The Average processing rate (APR) shown on the Application details for host 66539 is 72.81 GFLOPS for CUDA32 and 64.93 GFLOPS for CUDA42. That's the basis on which the Scheduler logic considers CUDA32 faster.

However, the Scheduler choice of which to send has a random factor applied. It's based on the normal distribution so is usually small, and it is further scaled down by the number of completed tasks in the host average. The idea is that the host averages will get more reliable as more tasks are averaged in. But the host averages are calculated using exponential smoothing such that about half the average is based on the most recent 69 values, so they can actually vary considerably for GPU processing.
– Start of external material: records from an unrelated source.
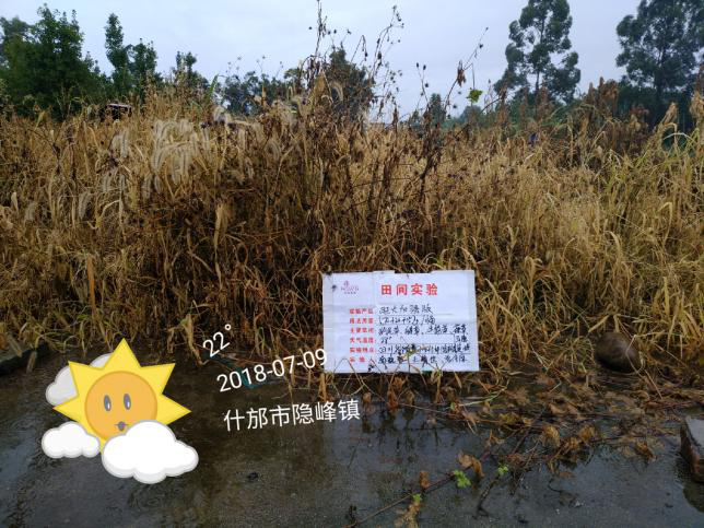 2018年7月5日,在四川省什邡市隱峰鎮(zhèn),由河北榮威南經(jīng)理及其帶領(lǐng)的實(shí)習(xí)生,在此進(jìn)行了一場(chǎng)關(guān)于“旺火加強(qiáng)版”(敵草快)的藥效實(shí)驗(yàn),5天后可看出雜草已經(jīng)全部萎蔫變黃。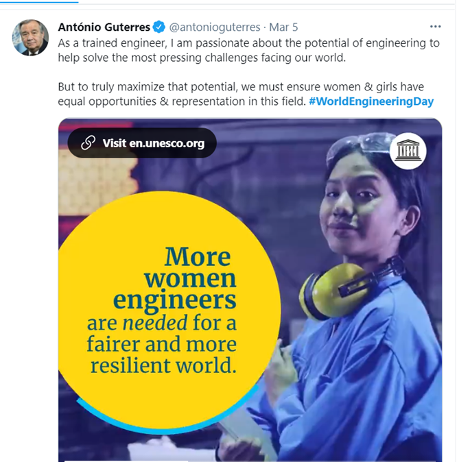 Tweet from UN Secretary General to celebrate World Engineering Day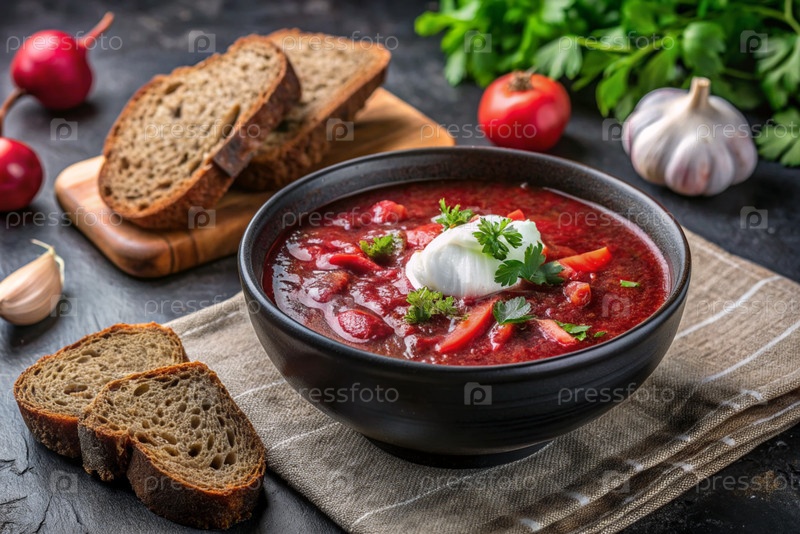 Традиционный украинский и российский борщ в стильной керамической тарелке с травами, сметаной и чесноком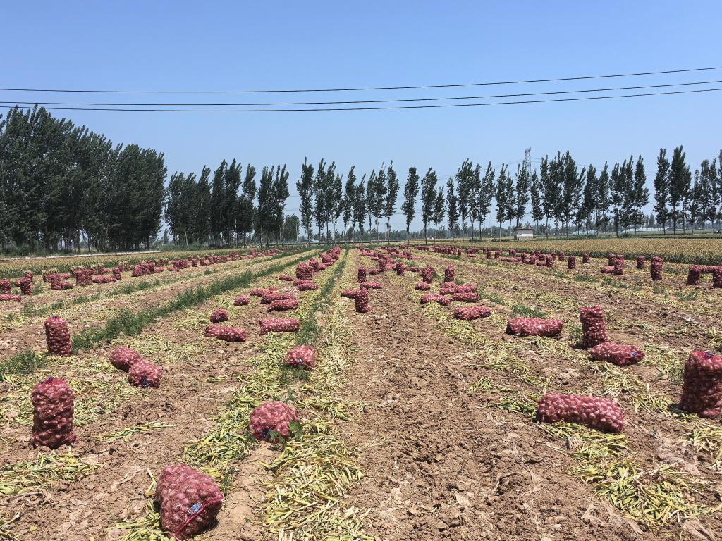 眼下正值大蒜收获期,在山东省济南市商河县白桥镇的连片蒜田里,蒜农们正忙着采收大蒜,一袋袋鲜蒜等待装车。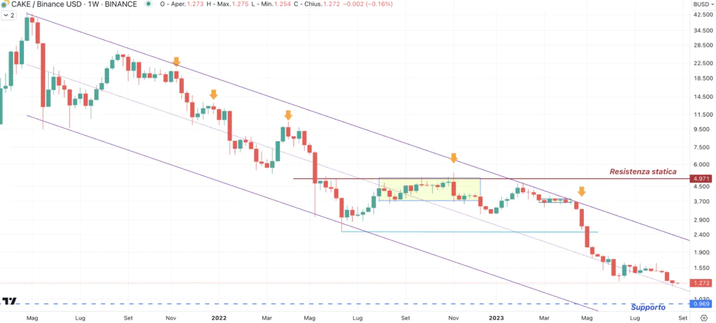 Dal punto di vista grafico, partiamo da un chart weekly di Pancake, dove abbiamo una panoramica dai massimi fatti a Maggio’21 fino a oggi. Il bearish trend primario è ben evidente, così come il canale ribassista all’interno di cui si sta muovendo.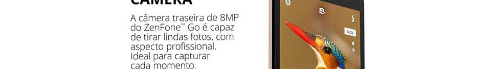 Sua câmera principal de 8MP permite fazer fotos fantásticas, e a câmera frontal de 2MP garante aquela selfie incrível com os amigos. O Zenfone Go tem um excelente desempenho por conta de seu processador Qualcomm Snapdragon de quatro núcleos.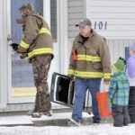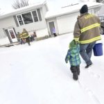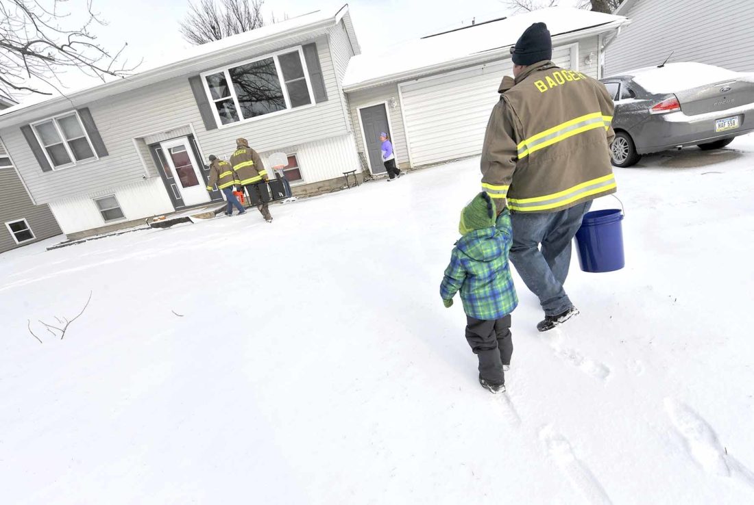 Badger firefighter Chad Swanson and his son, Cole, 3, approach a home to see if their smoke detectors are working properly Saturday morning during a smoke detector blitz.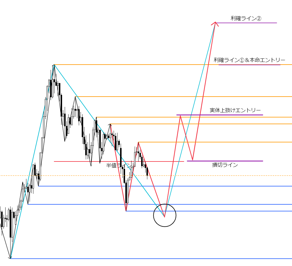 本命のロングエントリーポイントは、一番上のオレンジ水平線を実体で上抜けたときです。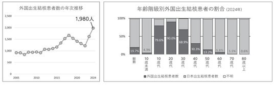 増)しました。特に若い年代では外国出生結核患者の割合が高く、10歳代が79.6%(103人中82人)、20歳代が90.0%(1,290人中1,161人)、30歳代が68.9%(591人中407人)でした。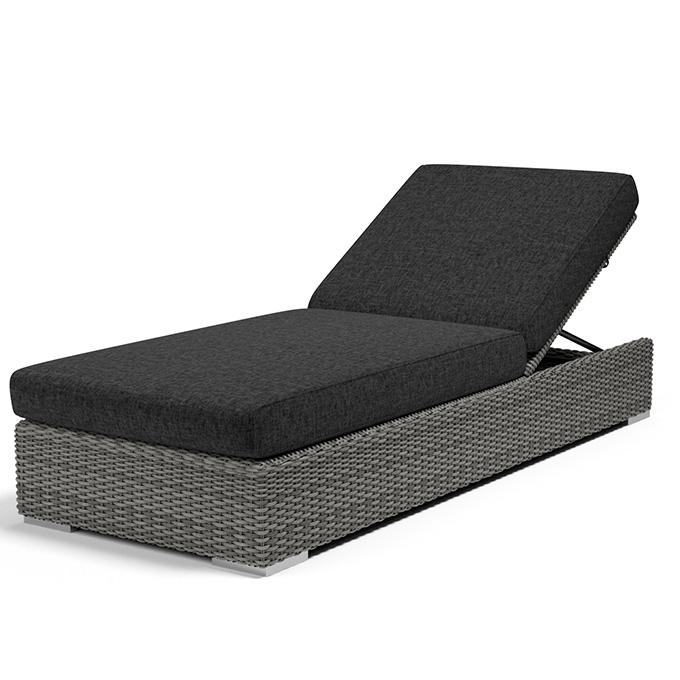 The Emerald II Collection by Sunset West offers luxurious and inviting outdoor seating with the deep plushness of indoor furniture. Contemporary lines are constructed using a fully welded powder-coated aluminum box frame that is then wrapped in hand woven HDPE resin wicker in a Steel Grey finish which mimics natural materials. This low maintenance wicker is made with durable UV-inhibitors and no fillers to prevent premature aging or cracking. A proprietary progressive springing system found in Sunset West wicker deep seating provides 3 levels of support, maximizing comfort and structural integrity. The Emerald II adjustable chaise lounge features 5 positions, including flat, to match the level of relaxation you currently feel. Included are weather resistant, high-resiliency foam cushions in Sunbrella Spectrum Carbon fabric. Non-marking plastic glides on the feet prevent scratching.Read More

The "GFLOPS" are derived from the estimate of floating point operations the splitters provide. For SaH v7 those estimates are based on angle range (AR), and are a compromise between how AR affects processing on CPU or GPU. That compromise means that very high AR "shorties" provide a lower APR than normal midrange AR tasks when processed on GPU. It looks like all the CUDA42 tasks you got were shorties but CUDA32 has gotten a mix. Perhaps the next time the random factor makes the Scheduler send CUDA42 you'll get a batch of midrange AR tasks which will increase the APR for those.
Joe


A sidenote perhaps interesting to some: In addition to the averages being volatile with work mix and other aspects ignoring any hardware or app change not managed, the estimate mechanism already contains several 'noisy' inputs with various offsets/scales and variances in practice. Those sources of noise easily swamp those random factors inducing chaotic behaviour and making those random offsets more or less redundant.
2) Message boards : Number crunching : Einstein@Home Locks PC (Message 1604888)
Posted 3 days ago by Profile jason_gee


I'm running 3 tasks on a GTX 770 with 2gb ram, same as I run under Seti. I gave up all overclocking and all 6 cores of the 970 are running around 70C at 100% load with a water cooler. I have 4gb ram which is the max for 32bit Win7 OS.

Bob B.

Running 3 Einstein tasks on that GPU and only using a 32-bit OS with your limited system memory likely is a bad combination and a possible cause of your problem, turn the GPU down to 2 tasks and reserve at least 1 CPU core if you already havn't (two maybe needed though).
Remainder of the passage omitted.